目前 Triton 主要支持 Linux 系统，并且需要拥有 NVIDIA GPU（通常要求 Compute Capability 7.0 及以上，即 Volta 架构以后，如 V100, RTX 20/30/40 系列）。

你可以使用 pip 快速安装：

bash 复制代码

pip install triton

这里我们看Triton官方的第一个示例代码：向量加法

python 复制代码

import torch
import triton
import triton.language as tl

@triton.jit
def add_kernel(
    x_ptr,
    y_ptr, 
    output_ptr, 
    n_elements,
    BLOCK_SIZE: tl.constexpr
):
    pid=tl.program_id(axis=0)
    block_start=pid*BLOCK_SIZE
    offsets=block_start+tl.arange(0,BLOCK_SIZE)
    mask=offsets<n_elements
    x:tl.tensor = tl.load(x_ptr + offsets, mask=mask)
    y:tl.tensor = tl.load(y_ptr + offsets, mask=mask)
    output = x + y
    # Write x + y back to DRAM.
    # 将 x + y 写回 DRAM。
    tl.store(output_ptr + offsets, output, mask=mask)

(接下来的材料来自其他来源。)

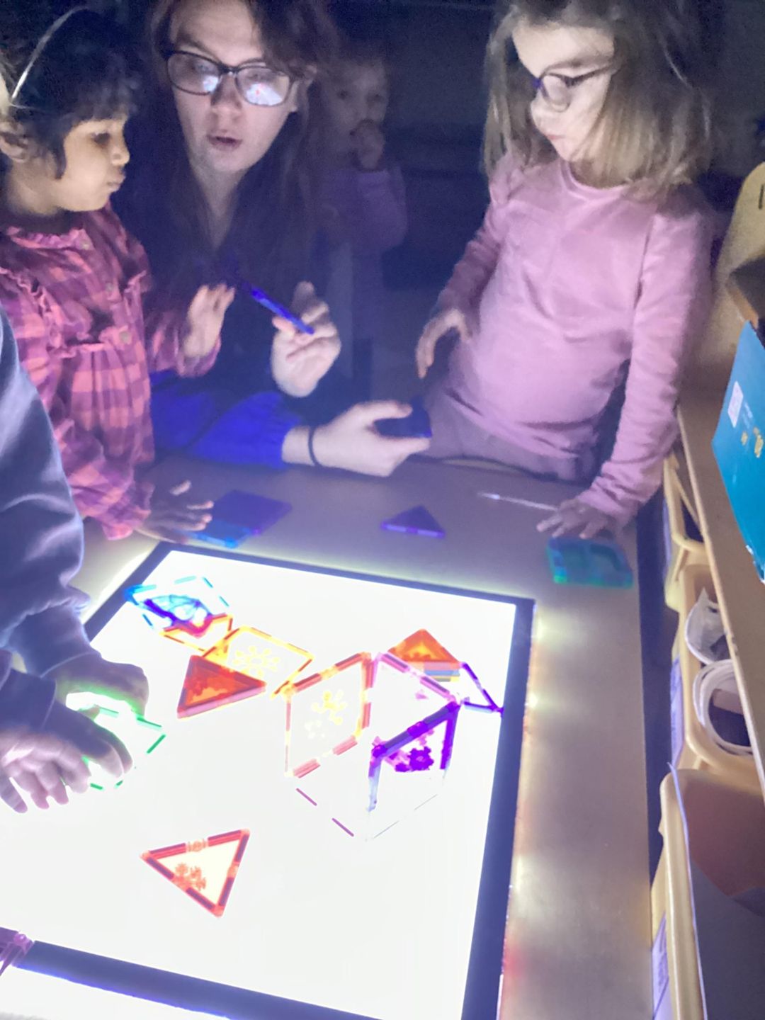This week, the Grasshoppers were truly inspired by the fireworks and dove into building various structures with the magnetic tiles. They loved taking part in our light and building activity, where they got to construct different designs. The children also explored mixing colours by combining tiles to create new shades. They used exciting new vocabulary, such as "bright" and "dark," while exploring and experimenting with shadows. It was a delightful time of creativity and discovery for everyone!

def add(x: torch.Tensor, y: torch.Tensor):
    # We need to preallocate the output.
    # 需要预分配输出。
    output = torch.empty_like(x)
    assert x.is_cuda and y.is_cuda and output.is_cuda
    n_elements = output.numel()
    # The SPMD launch grid denotes the number of kernel instances that run in parallel.
    # SPMD 启动网格表示并行运行的内核实例的数量。
    # It is analogous to CUDA launch grids. It can be either Tuple[int], or Callable(metaparameters) -> Tuple[int].
    # 它类似于 CUDA 启动网格。它可以是 Tuple[int]，也可以是 Callable(metaparameters) -> Tuple[int]。
    # In this case, we use a 1D grid where the size is the number of blocks:
    # 在这种情况下，使用 1D 网格，其中大小是块的数量：
    grid = lambda meta: (triton.cdiv(n_elements, meta['BLOCK_SIZE']), )
    # NOTE:
    # 注意：
    #  - Each torch.tensor object is implicitly converted into a pointer to its first element.
    #  - 每个 torch.tensor 对象都会隐式转换为其第一个元素的指针。
    #  - `triton.jit`'ed functions can be indexed with a launch grid to obtain a callable GPU kernel.
    #  - `triton.jit` 函数可以通过启动网格索引来获得可调用的 GPU 内核。
    #  - Don't forget to pass meta-parameters as keywords arguments.
    #  - 不要忘记以关键字参数传递元参数。
    add_kernel[grid](x, y, output, n_elements, BLOCK_SIZE=1024)
    # We return a handle to z but, since `torch.cuda.synchronize()` hasn't been called, the kernel is still running asynchronously at this point.
    # 返回 z 的句柄，但由于 `torch.cuda.synchronize()` 尚未被调用，此时内核仍在异步运行。
    return output

torch.manual_seed(0)
size = 98432
x = torch.rand(size, device='cuda')
y = torch.rand(size, device='cuda')
output_torch = x + y
output_triton = add(x, y)
print(output_torch)
print(output_triton)
print(f'The maximum difference between torch and triton is '
      f'{torch.max(torch.abs(output_torch - output_triton))}')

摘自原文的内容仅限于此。